Family-Friendly Job Picture Unclear

By Bonnie Erbe, Columnist
Scripps Howard News Service




May 26, 2004

So which is it: Has the combination of the recent recession and today's successor neo-robust economy-cum-tight job market doomed family-friendly corporate programs? Or, conversely, are American workplaces becoming family-friendlier?

To hear the news media tell it, family-friendly policies borne of women's lemming-like mass migration from the home front to the work force three decades ago are receding like a waning tide.

Consider this May 2004 missive from USA Today: "The percentage of employers offering paid family leave dropped from 27 percent in 2001 to 23 percent last year, according to (the) Society for Human Resource Management. ... Those offering flexible work hours tumbled from 64 percent in 2002 to 55 percent in 2003. Job sharing dropped from 26 percent in 2001 to 22 percent last year."

The newspaper went on to cite a Commerce Clearing House report showing, "Telecommuting fell from 47 percent to 45 percent (between 2002 and 2003). And those offering compressed workweeks, which generally let workers put in their hours over four days rather than five, slipped from 49 percent in 2002 to 40 percent last year."

As if that news weren't bad enough for second shifters (those juggling work and family), The Wall Street Journal reported last week another seemingly regressive trend. The Journal noted new, apparently insurmountable obstacles faced by formerly high-powered career women trying to resurrect careers - after taking years off to raise young children.

"The sluggish economy has made jobs scarce for many well-qualified candidates, let alone those with gaps in their resumes. With advances in technology, women who have taken even a few years off likely have fallen behind or feel out-of-touch. The job-hopping of the past decade has meant many of their old professional contacts, mentors and networks are dispersed."

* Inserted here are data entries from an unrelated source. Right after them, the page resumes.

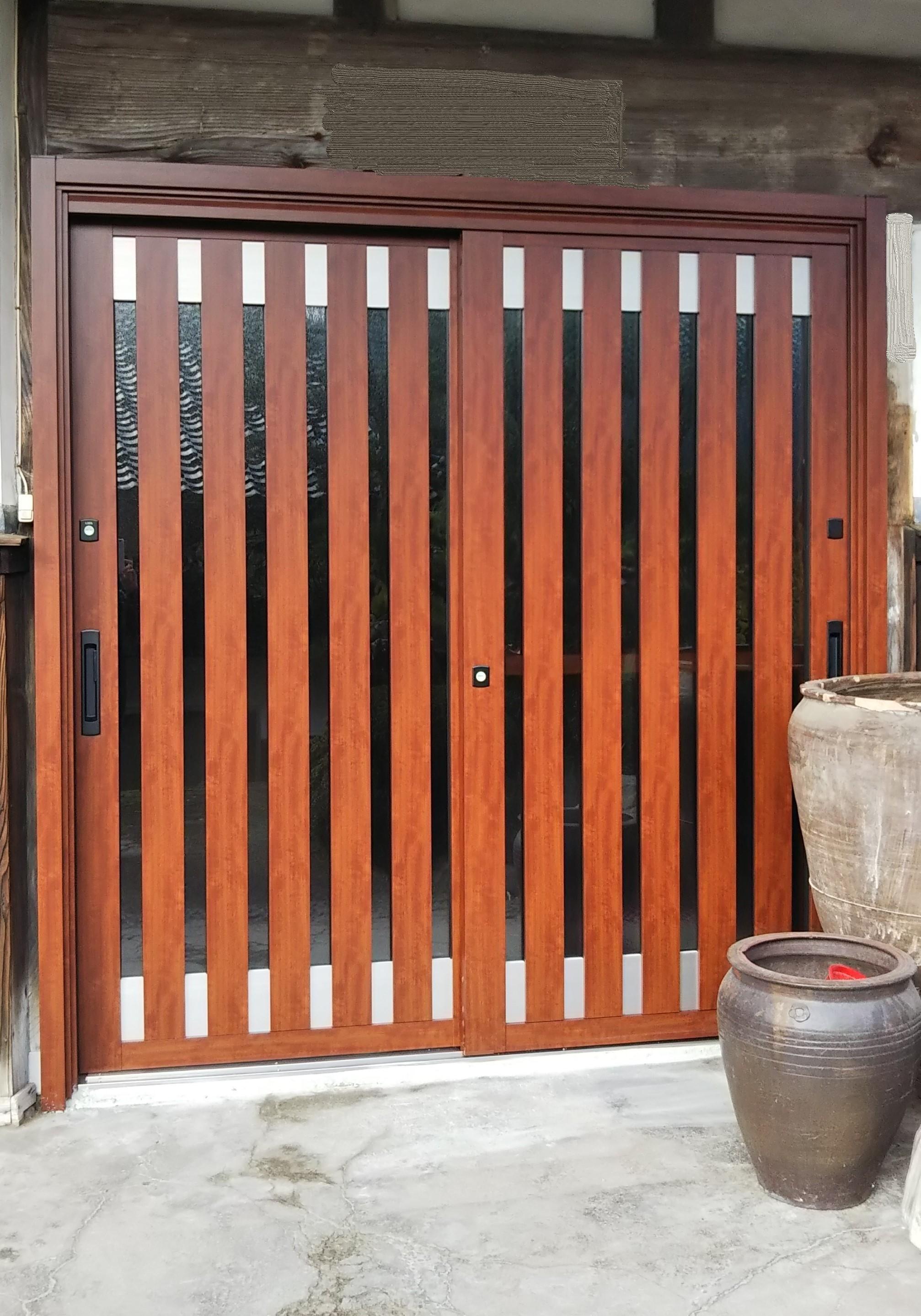 ★築120年以上。古民家の玄関リフォームです。 ★縦格子デザインで以前の面影は残しつつ、存在感ある玄関へと変わりました!
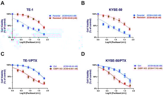 Dose–response curves for parental and PTX-resistant cell lines highlighting sensitivity disparities. (A) TE-1. (B) KYSE-50. (C,D) TE-1 and KYSE-50 categorized into Scramble control (Ctrl) and CtBP1 KO (Knockout) groups, highlighting treatment-induced changes in drug sensitivity. Experiments were conducted in triplicate, and a Student t-test was used to assess the difference between Ctrl and CtBP1 KO, as well as between parental and resistant groups. p-values < 0.05 were considered significant.
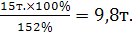 Определим расход муки идущий на выработку 15 тонн хлеба в сутки. Средний выход – 152%.
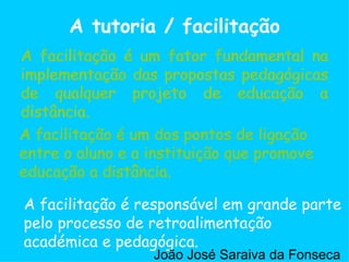 O documento discute o papel do tutor na educação a distância. Ele descreve que o tutor é responsável pela implementação das propostas pedagógicas, pela interação entre alunos e instituição, e por fornecer orientação, mediação e ajuda aos alunos. O documento também lista várias atribuições do tutor, como conhecer o material didático, detectar problemas dos alunos, motivar os alunos e participar da avaliação do curso.
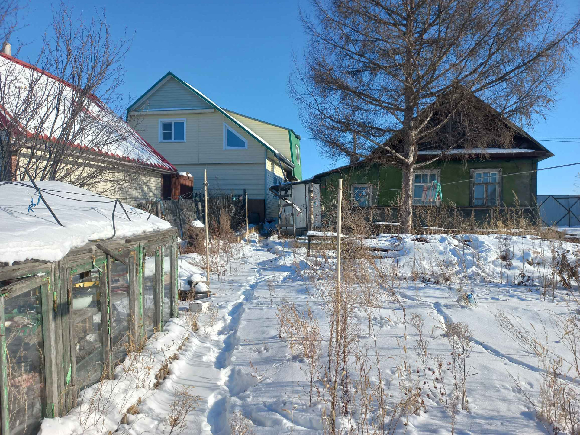 Участок 14 соток, забор, ворота, рядом с воротами по улице колодец с водой 5 метров. Теплица 2#8 из поликарбоната (заводская).
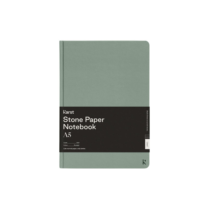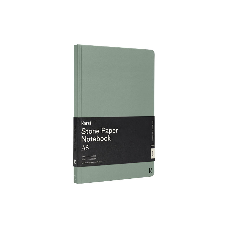 Le carnet promotionnel A5 Karst® à couverture rigide est un best-seller et plaît à tout le monde. La texture lisse des pages et la reliure plate offrent un grand confort et un grand espace d'écriture pour vos notes et vos idées. Personnalisez ce carnet en papier de pierre et ravissez vos clients et collaborateurs en leur offrant.
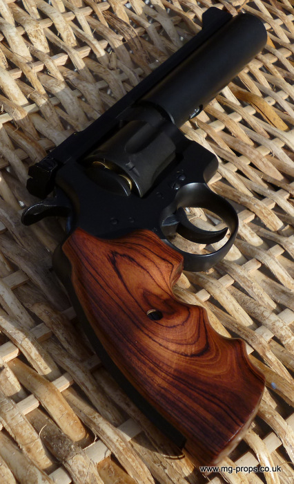 Looks great displaying with your .357 Magnum Leather Hip Holster: €49.10 Euro / 38.95 GBP Very good condition Kokusai leather hip holster. Takes 6in barrel revolvers Leather Shoulder Holster: €58.70.10 Euro / 46.95 GBP Very good condition Kokusai leather shoulder holster. Takes 6in barrel revolvers Real Wood Grips & Pachmayr grips: Please ask Lockable Aluminium Storage / Carry Case: €30.45 / £22.95 Great for storing or safe transport. Foam lined and lockable. We ship Internationally, please ask for shipping quote : sales@mg-props.co.uk Any questions please ask away.
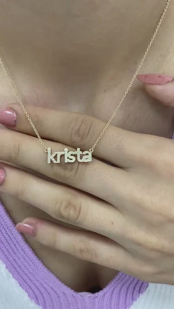 Make a statement with this elegant personalized name necklace, crafted in high-quality gold. Designed with a delicate chain, this necklace features a modern and stylish font spelling out Your name with a touch of sparkle for added charm.
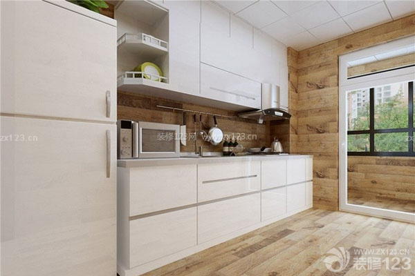 廚房以白色為主要色調(diào),地板紋理的瓷磚搭配白色的櫥柜,看起來干凈整潔,配以綠色的植物和餐具,仿佛身處原生態(tài)的大自然當中,做飯的時候簡直是一種美好的享受。
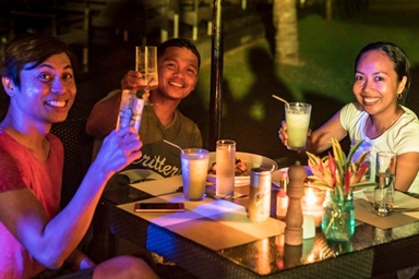 Of je nu ontspannen wilt dineren aan de zwembadbar na een dag duiken, genieten van een fles wijn aan de privéstrandtafel, of culinair wilt worden verwend in restaurant Dahon, het kan allemaal. Bij de zwembadbar vind je sappen, frisdranken, koffie, wijnen, bieren en cocktails. En als je na een dag avonturen liever in alle rust wilt genieten, bieden ze maaltijdservice op je kamer. Zo kun je heerlijk ontspannen in je appartement of penthouse, nagenietend van de indrukken van Dumaguete.
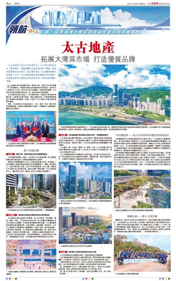 太古地產拓展大灣區市場 打造優質品牌
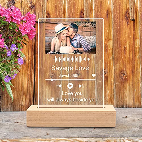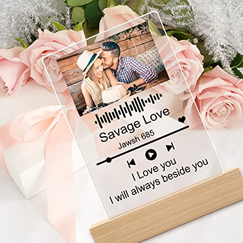 Custom Spotify Code Music Board with Holder Personalised Engraved Photo with Personalised Song & Singer Acrylic Music Plaque Personalised Collection Photo Album Glass Gift for Anniversary Her Him

Reading these stories, one comes away with this impression: The future of "family-friendly" policies is about as sanguine as the future for velocipedes. Explanations and theories for this trend abound.

Perhaps job scarcity has muzzled the formerly burgeoning family-friendly industry. Perhaps corporations are merely responding to national politics (that is, the Clinton-era "feminized" politics, whereas President George W. Bush has steered the nation in a decidedly macho direction). Perchance some corporations found the onslaught of flextime, telecommuting and four-day workweeks not to be the money-maker and profit-booster they were touted to be.

Lastly, perhaps now that we're supposedly in economic expansion mode, family-friendly policies such as flextime and job-sharing will come back with volcanic force.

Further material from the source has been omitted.